Lawsuits target companies for transgender discrimination
The Equal Employment Opportunity Commission filed a pair of lawsuits on Thursday against companies in Florida and Michigan accused of discriminating against transgender employees.
Both lawsuits cite violations under the Civil Rights Act of 1964, which offers protections against sexual discrimination, in a move that marks the first time the federal government has used the law to protect transgender workers against private companies, according to the EEOC.
A complaint filed Thursday comes against a Detroit-based funeral home and alleges it discriminated based on sex when the company fired an embalmer because she was transitioning from being a male to a female.
Amiee Stephens worked at RG & GR Harris Funeral Homes from October 2007 until last year when she notified the company she was undergoing a gender transition procedure, according to the complaint filed in Michigan federal court. Two weeks after Stephens notified her employer of the procedure, she was terminated for “proposing to do” what the company believed was unacceptable, according to the complaint.
Prior to filing the lawsuit in U.S. District court a pre-litigation settlement could not be reached.
A call seeking comment from RG & GR Harris Funeral Homes was not immediately returned.
The other complaint filed Thursday by the EEOC came against a Lakeland, Fla., based eye-care facility. The suit alleges the Lakeland Eye Clinic fired an employee after she notified the company she was transgender.

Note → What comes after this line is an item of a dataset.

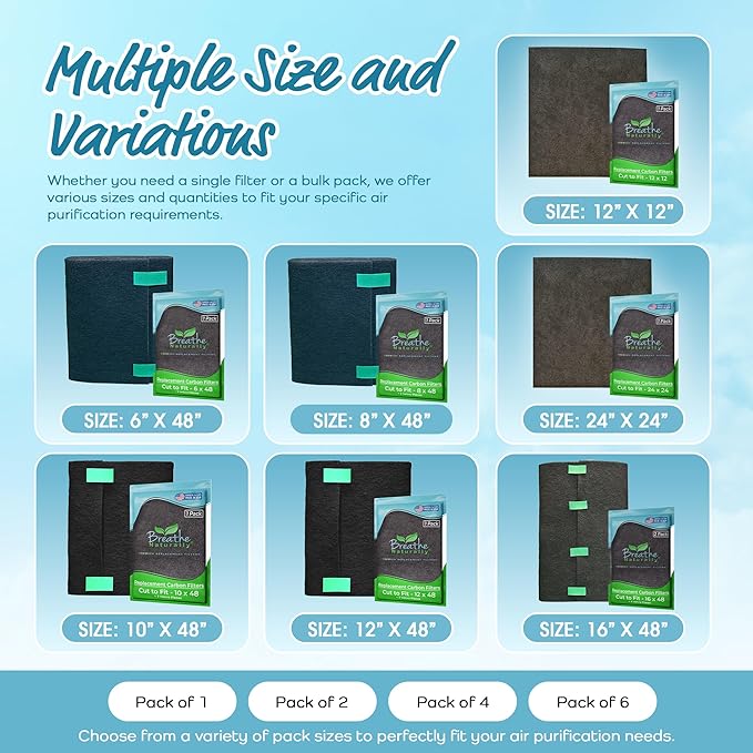 - UNIVERSAL CUT TO FIT: Each carbon filter can be tailored to fit a wide range of applications. Simply cut the filter to the required size for a perfect fit. These versatile filters are ideal for use in air purifiers, vents, fans, windows, trash cans, litter boxes, range hoods, furnaces, HVAC systems, dehumidifiers, and many other uses. This customizable design ensures no gaps for unfiltered air, enhancing the efficiency of your devices.

“An employee should not be denied employment opportunities because he or she does not conform to the preferred or expected gender norms or roles of the employer or co-workers,” Malcolm S. Medley, director for the EEOC’s Miami District Office, said in a statement. “Protections must be afforded to such employees.”
Lakeland Eye Clinic officials offered no immediate comment Thursday.
The lawsuits filed by the EEOC on Thursday come after a 2012 land mark decision by the EEOC where it ruled for the first time that discrimination against transgender employees is covered under the 1964 Civil Rights Act. The ruling came after the commission sided with a woman in a complaint that she was denied work at a an Alcohol, Tobacco and Firearms lab in northern California.
In the suit -- Mia Macy v. U.S. Atty. Gen. Eric Holder -- it was determined that the ATF was in violation of the Civil Rights Act of 1964 title VII that offers protections from sexual discrimination.